The key is for Israel to immediately stop the aggression, establish a ceasefire and withdraw from all occupied Lebanese territory, in addition to ending its violations of the Lebanese sovereignty and its ongoing bombing and air raids, in particular against civilians and civilian areas, and for resolution 1701 (2006) to be fully implemented. We reiterate the need to hold Israel accountable for its countless crimes. We again underscore Lebanon’s unwavering and firm commitment to resolution 1701 (2006) and to enhancing our defensive capacities so as to preserve our sovereignty and independence in the light of external ambitions and threats.

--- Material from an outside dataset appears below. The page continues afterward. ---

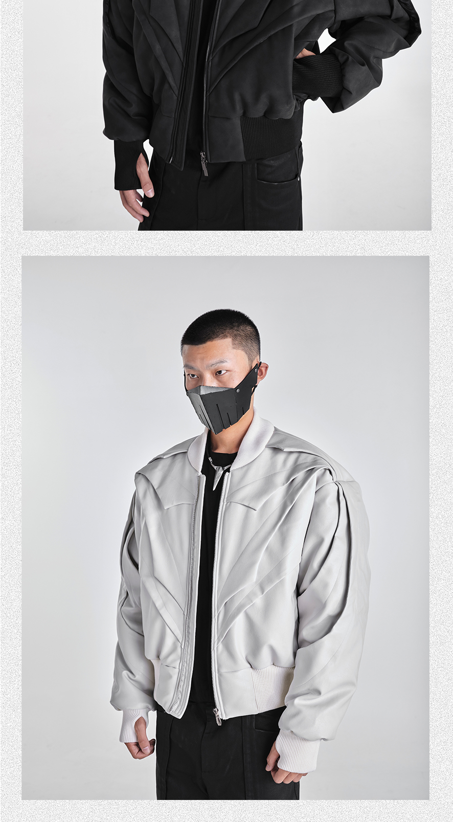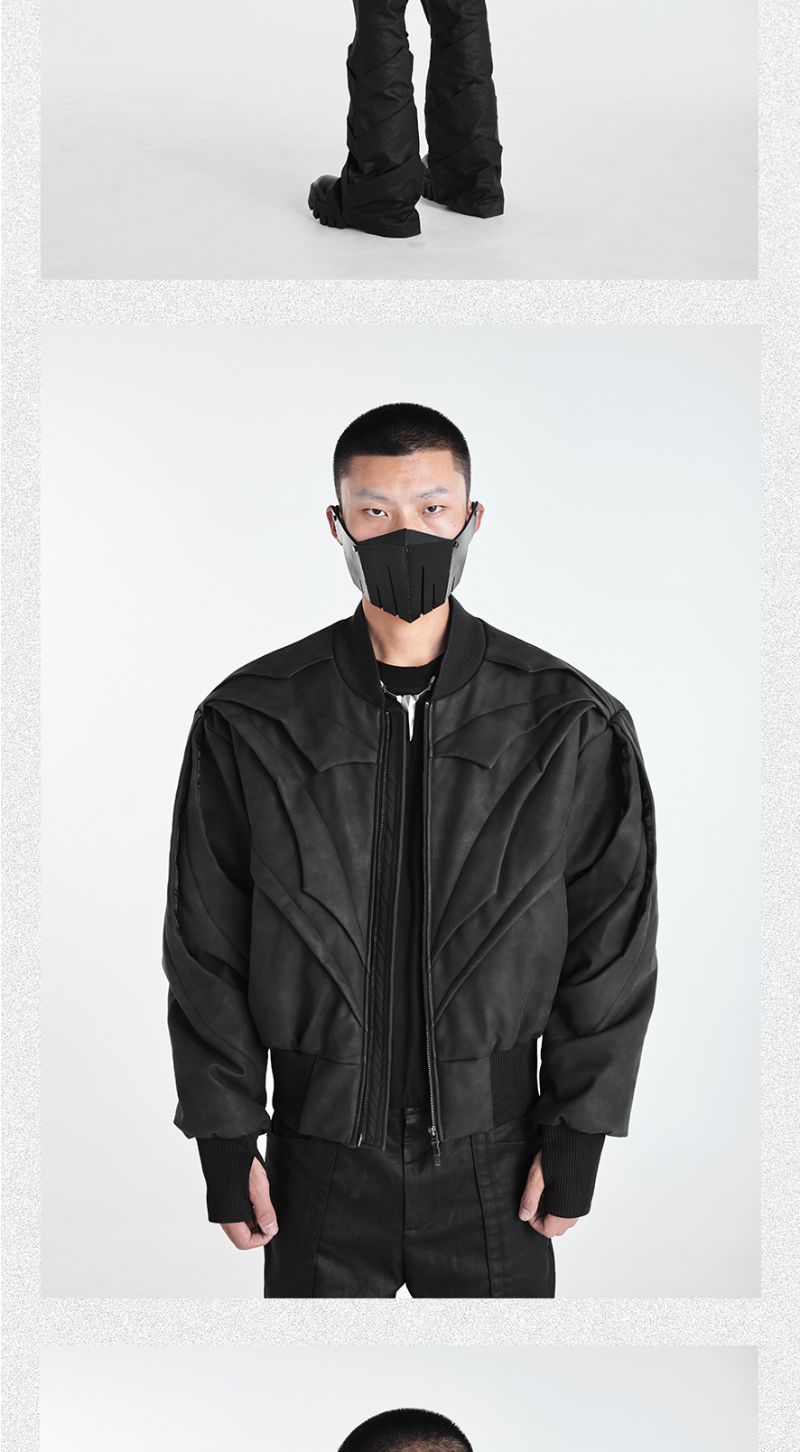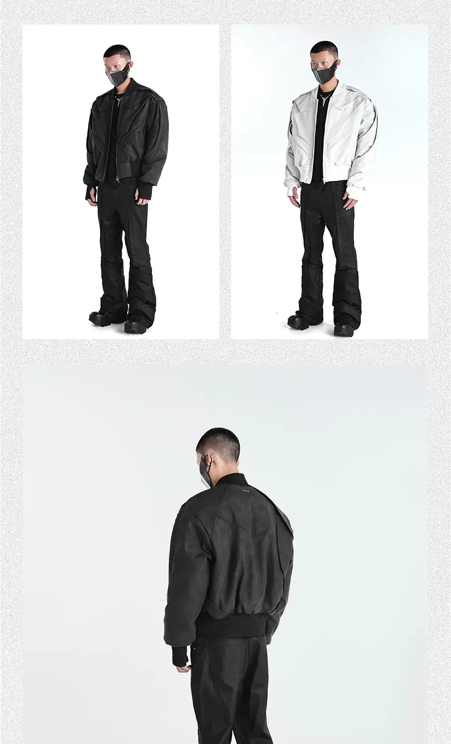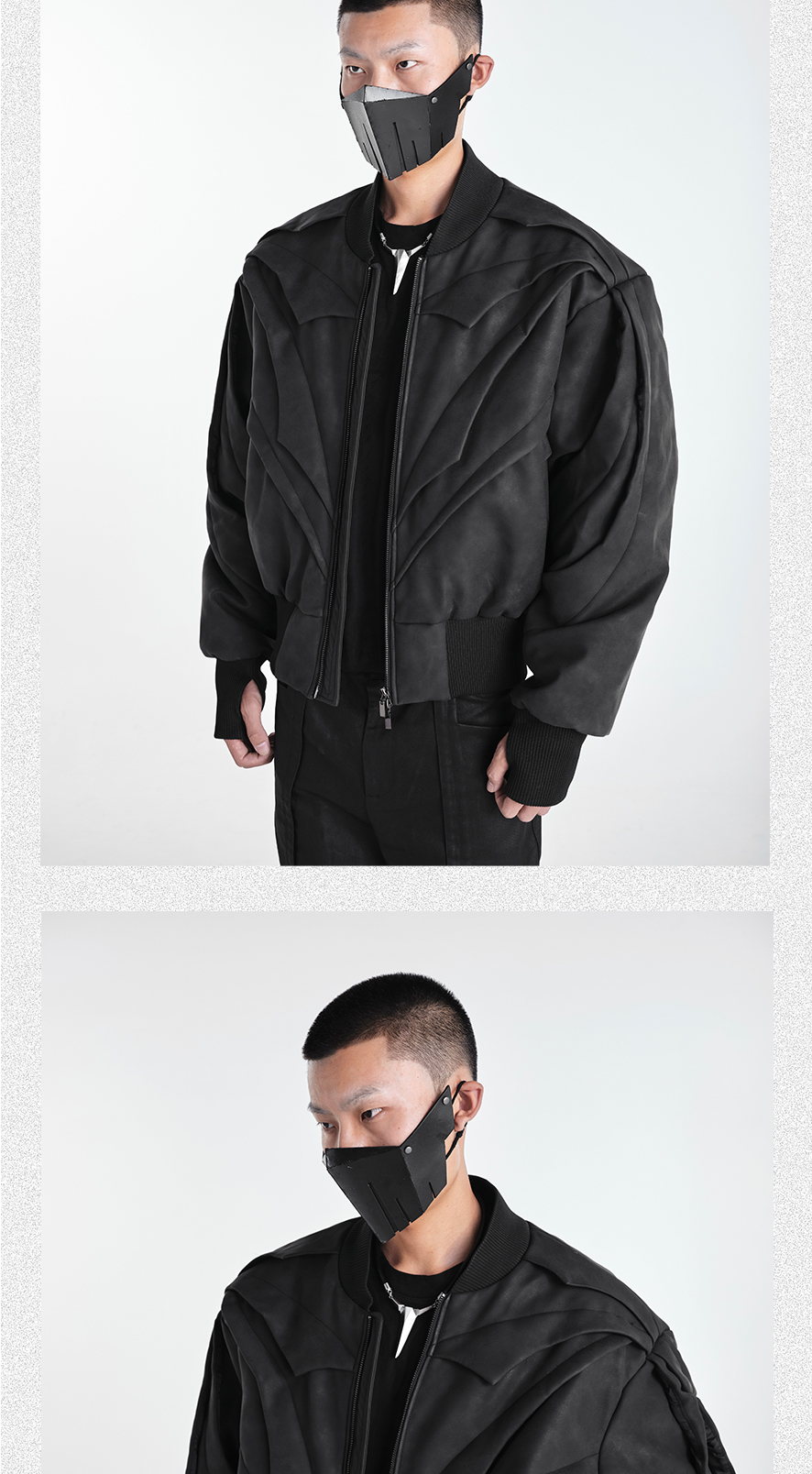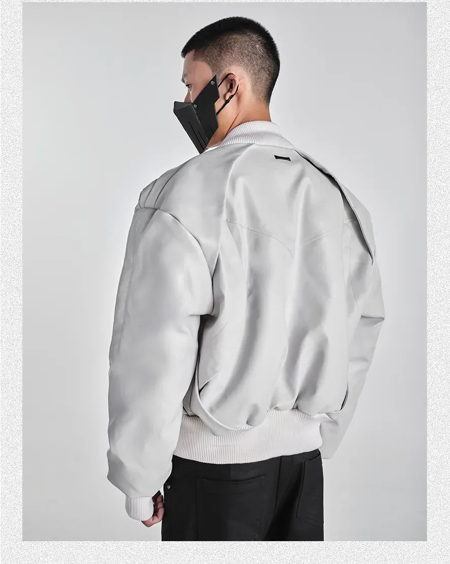 - Crafted with a matte granular texture, this avant-garde jacket features a batwing silhouette and multi-flap structural design that amplifies its three-dimensional layering. The custom metal backplate on the rear reinforces brand identity, while extended shoulder and back proportions create a bold, sculptural shape. Functional details such as finger-insert cuffs and wind-resistant structure make it both visually striking and performance-ready — merging streetwear aesthetics with utilitarian practicality.

We are committed to reinforcing the deployment of the Lebanese Armed Forces in the south so that, in accordance with resolution 1701 (2006), south of the Litani River will be only under the legitimate authority of the Government of Lebanon, and no weapons will be there without the consent of the Government of Lebanon.
Lebanon reaffirms its support for the United Nations Interim Force in Lebanon. We rely on its essential and effective role, pursuant to its mandate, in cooperating and coordinating with the Lebanese Armed Forces in order to strengthen the State authority throughout the Lebanese territories within the internationally recognized borders.
In conclusion, we recall the words of His Excellency Mr. Abdallah Bouhabib, Minister for Foreign Affairs and Emigrants of Lebanon, before the Council of Arab and Muslim Foreign Ministers. He said that partial solutions through a ceasefire and a recommitment to the implementation of resolution 1701 (2006) are much preferable to a continuation of the war. However, the most effective solution to establishing lasting peace in southern Lebanon is a comprehensive one, meaning
that the more Israel continues to violate Lebanon’s sovereignty by land, sea and air and the more Israel avoids acknowledging the international borders that were recognized and demarcated between Lebanon and Palestine in 1923 and confirmed by the Lebanese-Israeli Armistice Agreement signed on the island of Rhodes in 1949 under the auspices and oversight of the United Nations, the more Israel contributes for future wars, which we are working tirelessly to avoid. Whoever wants to live in peace with their surroundings, including Lebanon — which embraced peace as a strategic choice at the Beirut Arab Summit in 2002 and adopted the
Arab Peace Initiative proposed by the Kingdom of Saudi Arabia — must end the violations once and for all and end the occupation of Lebanese lands.
There are still a number of speakers remaining on the list for this meeting. Given the lateness of the hour, I intend, with the concurrence of members with the Council, to suspend the meeting until 4.30 p.m. tomorrow afternoon.
I am grateful in particular to the interpreters for enabling us to go significantly beyond our time today.
The meeting was suspended at 1.40 p.m.